1. COVID-19: an expanding health crisis
The novel coronavirus (SARS-CoV-2) and the associated disease (COVID-19) were first detected in China in December 2019, and has since caused an ever expanding and accelerating health crisis around the world. As of 5th of May 2020 there are over 250,000 deaths, linking to more than 3.6 million confirmed cases in 212 countries and territories. The crisis has put an enormous strain on the global healthcare system and caused severe social-economic disruptions worldwide.
In addition to the quarantine/social distancing measures used to limit the spread of COVID-19, the race is also on to search for effective therapeutic solutions. As most experts agree that an effective vaccine is minimally 12 to 18 months away, the current focus is on repurposing existing drug treatments for patients affected by COVID-19. In March this year, the Innovative Medicines Initiative (IMI) of the European Union announced a fast-track, €45 million call for relevant therapeutic and diagnostic solutions, and the World Health Organization (WHO) launched an unprecedented global trial to test the effectiveness of several potential antiviral compounds against SARS-CoV-2 [Citation1,Citation2]. There are also on-going efforts to adapt a systematic approach to quickly identify additional compounds suitable for repurposing [Citation3,Citation4]. summarizes the key small molecule therapeutics that are being repurposed for the COVID-19 crisis, including their basic physicochemical properties, doses being tested for COVID-19 and clinical status.
Table 1. Summary of the current COVID-19 drug repurposing effort.
However, once an effective drug treatment option has been identified, a crucial question remains: How can we quickly ramp up the drug production and, more importantly, make the drug available to all patients in need even in remote, under-developed parts of the world?

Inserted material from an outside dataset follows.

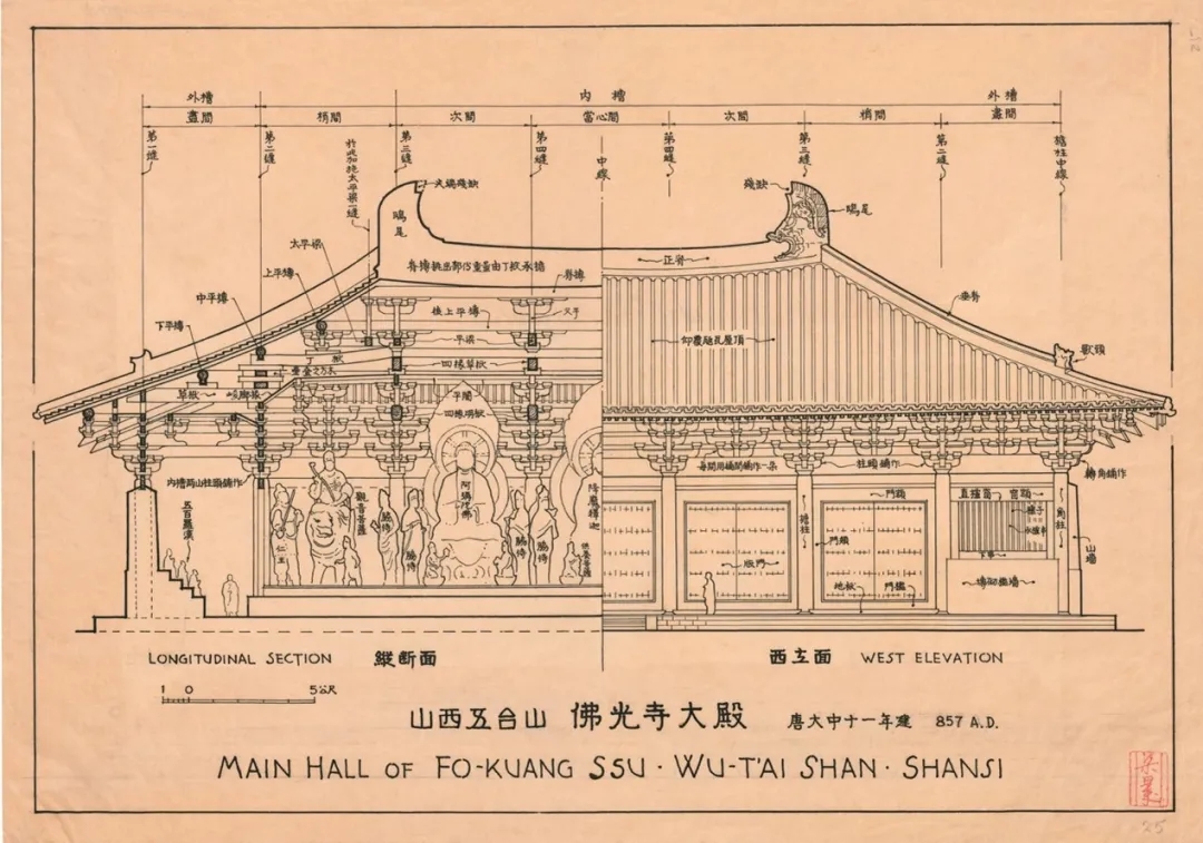 營(yíng)造學(xué)社整個(gè)古建筑考察最輝煌的時(shí)刻,是1937年7月在山西五臺(tái)山佛光寺發(fā)現(xiàn)唐代木構(gòu)建筑,這是梁、林人生當(dāng)中最重要的古建筑發(fā)現(xiàn)。此前日本學(xué)者關(guān)野貞(伊東忠太的學(xué)弟)曾經(jīng)放話說(shuō)中國(guó)沒(méi)有任何唐代木構(gòu)建筑遺存,要看唐代木構(gòu)就上日本奈良吧。梁、林就一直想爭(zhēng)口氣,找到中國(guó)大地上的唐代木構(gòu)。

The latter is a particularly relevant point as managing an epidemic can severely affect the global manufacturing supply chain, as vividly highlighted in the current crisis. We will hereby evaluate the potential and challenges of leveraging three-dimensional (3D) printing technologies to tackle this issue.
2. Recent advances in 3D-drug printing and its feasibility to tackle the crisis
A key benefit of 3D printing (3DP) technology has always been its ability to support distributed manufacturing. As a largely single-step construction process, i.e. with minimal interim- and post-processing steps, it can deliver finished products without extensive logistic infrastructure and matured supply chains. In the current crisis, it has already been used to produce respirator valves for the ventilators used in the badly affected Lombardy region in Italy [Citation5]. However, can 3DP be effectively leveraged to address drug product supply issues in a similar manner?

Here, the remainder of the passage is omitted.